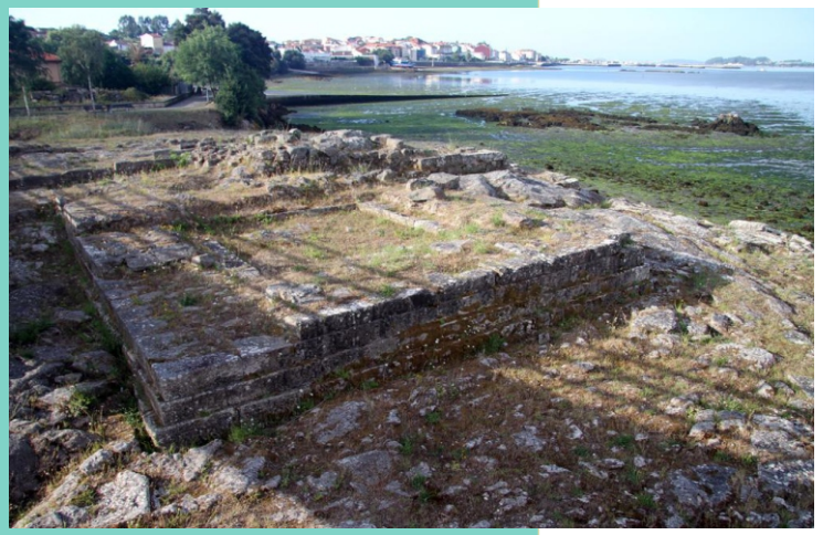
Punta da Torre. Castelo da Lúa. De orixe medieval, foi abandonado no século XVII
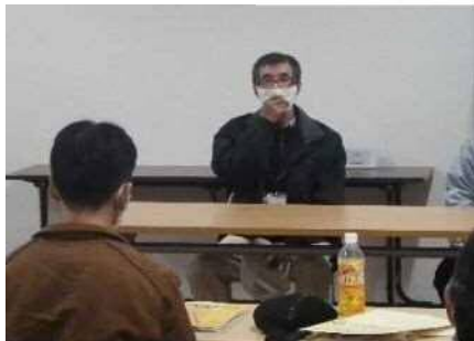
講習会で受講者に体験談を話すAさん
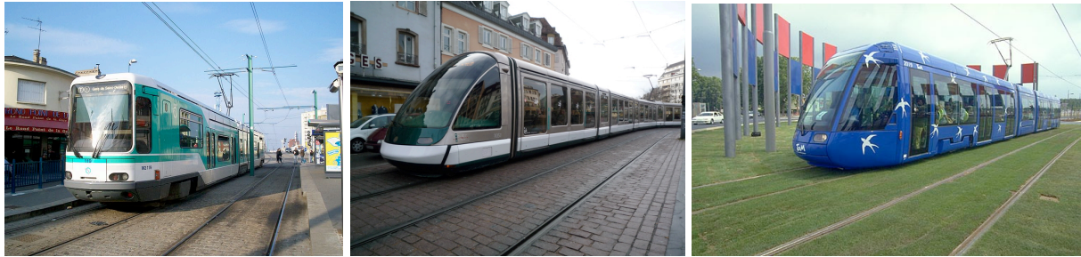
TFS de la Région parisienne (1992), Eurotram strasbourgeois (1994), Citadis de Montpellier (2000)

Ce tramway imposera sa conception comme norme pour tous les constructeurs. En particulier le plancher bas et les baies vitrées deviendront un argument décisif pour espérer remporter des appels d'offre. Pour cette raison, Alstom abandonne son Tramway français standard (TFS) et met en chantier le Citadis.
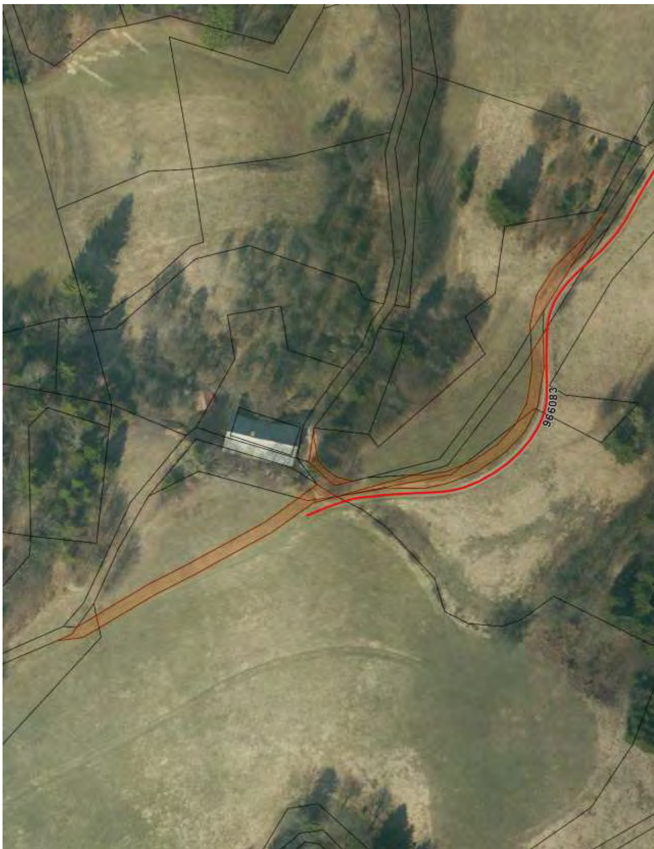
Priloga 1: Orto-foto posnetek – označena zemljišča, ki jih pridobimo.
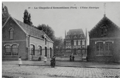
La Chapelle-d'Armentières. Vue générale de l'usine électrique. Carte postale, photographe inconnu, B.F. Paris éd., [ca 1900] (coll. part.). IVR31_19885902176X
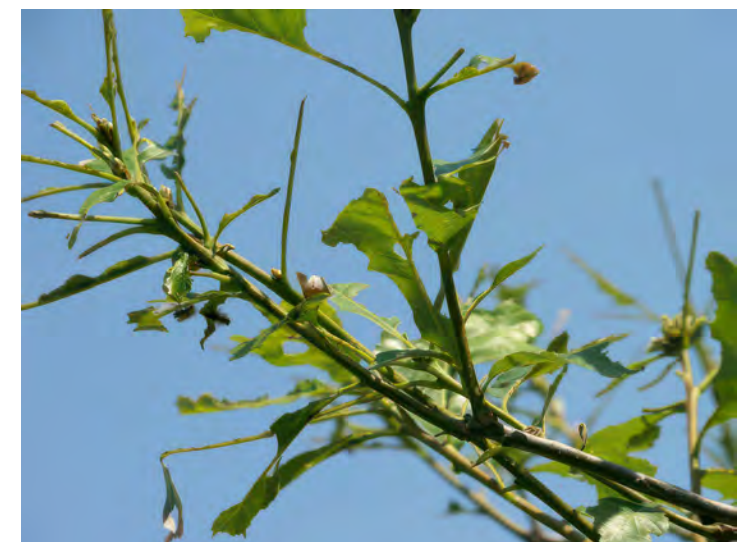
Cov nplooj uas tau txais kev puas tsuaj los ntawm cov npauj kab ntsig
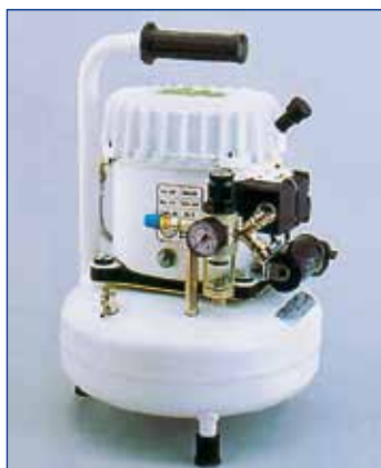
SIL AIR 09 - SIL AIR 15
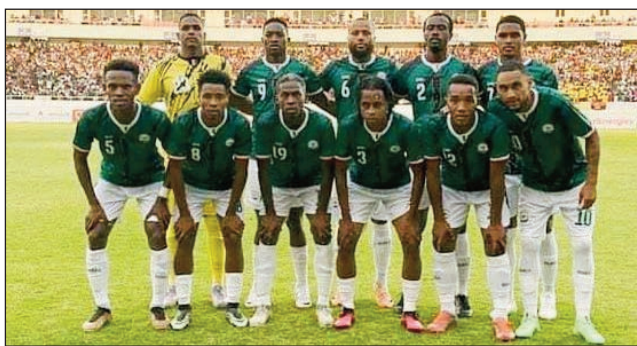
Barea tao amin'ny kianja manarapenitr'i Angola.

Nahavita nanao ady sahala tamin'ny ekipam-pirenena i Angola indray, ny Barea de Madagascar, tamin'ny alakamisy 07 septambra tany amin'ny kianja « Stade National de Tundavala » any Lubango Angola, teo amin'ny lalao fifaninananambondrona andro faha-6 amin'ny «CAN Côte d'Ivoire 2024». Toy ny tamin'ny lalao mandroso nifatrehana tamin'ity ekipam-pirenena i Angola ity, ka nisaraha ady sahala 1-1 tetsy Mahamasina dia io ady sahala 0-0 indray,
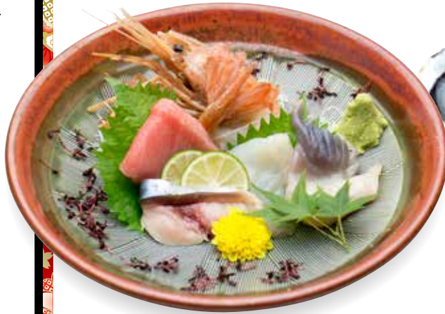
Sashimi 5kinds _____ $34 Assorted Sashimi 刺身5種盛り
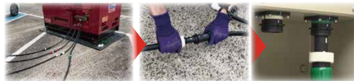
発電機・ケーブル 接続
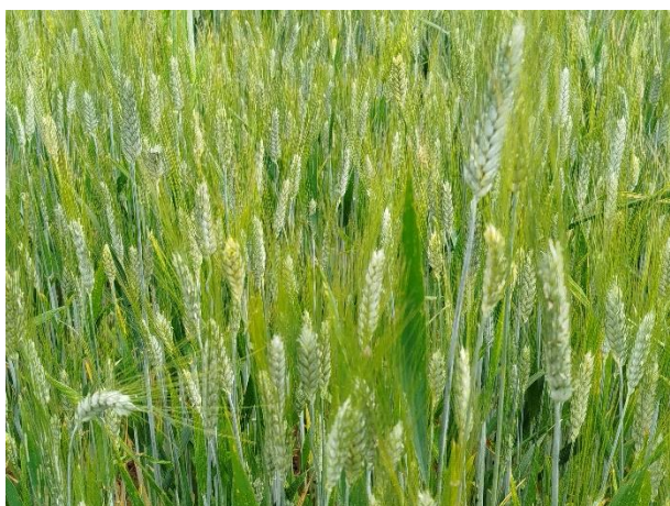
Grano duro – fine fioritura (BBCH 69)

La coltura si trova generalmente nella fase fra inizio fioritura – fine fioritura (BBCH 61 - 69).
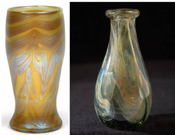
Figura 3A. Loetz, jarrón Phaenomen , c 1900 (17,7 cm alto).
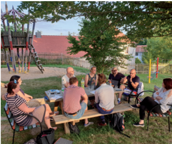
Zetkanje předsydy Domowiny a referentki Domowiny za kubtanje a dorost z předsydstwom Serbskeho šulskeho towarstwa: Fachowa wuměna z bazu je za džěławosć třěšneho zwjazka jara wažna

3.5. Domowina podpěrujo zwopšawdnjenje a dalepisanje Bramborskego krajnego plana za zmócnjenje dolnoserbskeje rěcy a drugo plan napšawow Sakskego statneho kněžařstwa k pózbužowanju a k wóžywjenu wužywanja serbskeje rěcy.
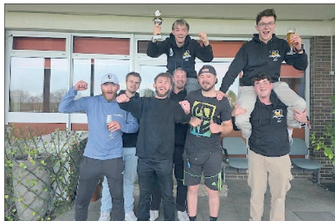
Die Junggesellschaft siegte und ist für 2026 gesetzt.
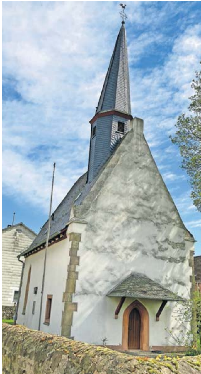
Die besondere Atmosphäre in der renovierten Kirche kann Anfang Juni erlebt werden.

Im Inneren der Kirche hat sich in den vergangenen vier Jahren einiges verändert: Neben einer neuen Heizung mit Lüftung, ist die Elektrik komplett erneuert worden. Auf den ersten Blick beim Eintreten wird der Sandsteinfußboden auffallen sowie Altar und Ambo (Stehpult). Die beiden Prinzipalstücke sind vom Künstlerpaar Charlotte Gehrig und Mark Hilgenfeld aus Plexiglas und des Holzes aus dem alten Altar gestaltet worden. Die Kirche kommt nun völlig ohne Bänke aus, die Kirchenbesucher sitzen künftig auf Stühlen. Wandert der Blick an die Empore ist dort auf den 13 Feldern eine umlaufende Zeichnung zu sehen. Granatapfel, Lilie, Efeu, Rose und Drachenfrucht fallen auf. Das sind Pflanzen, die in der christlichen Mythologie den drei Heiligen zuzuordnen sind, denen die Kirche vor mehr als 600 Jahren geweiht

Assignment: Transcribe the entries above exactly, from their first line through the line with "TFS de la Région", and omit all pictures.

Written answer:
Punta da Torre. Castelo da Lúa. De orixe medieval, foi abandonado no século XVII
講習会で受講者に体験談を話すAさん
TFS de la Région parisienne (1992), Eurotram strasbourgeois (1994), Citadis de Montpellier (2000)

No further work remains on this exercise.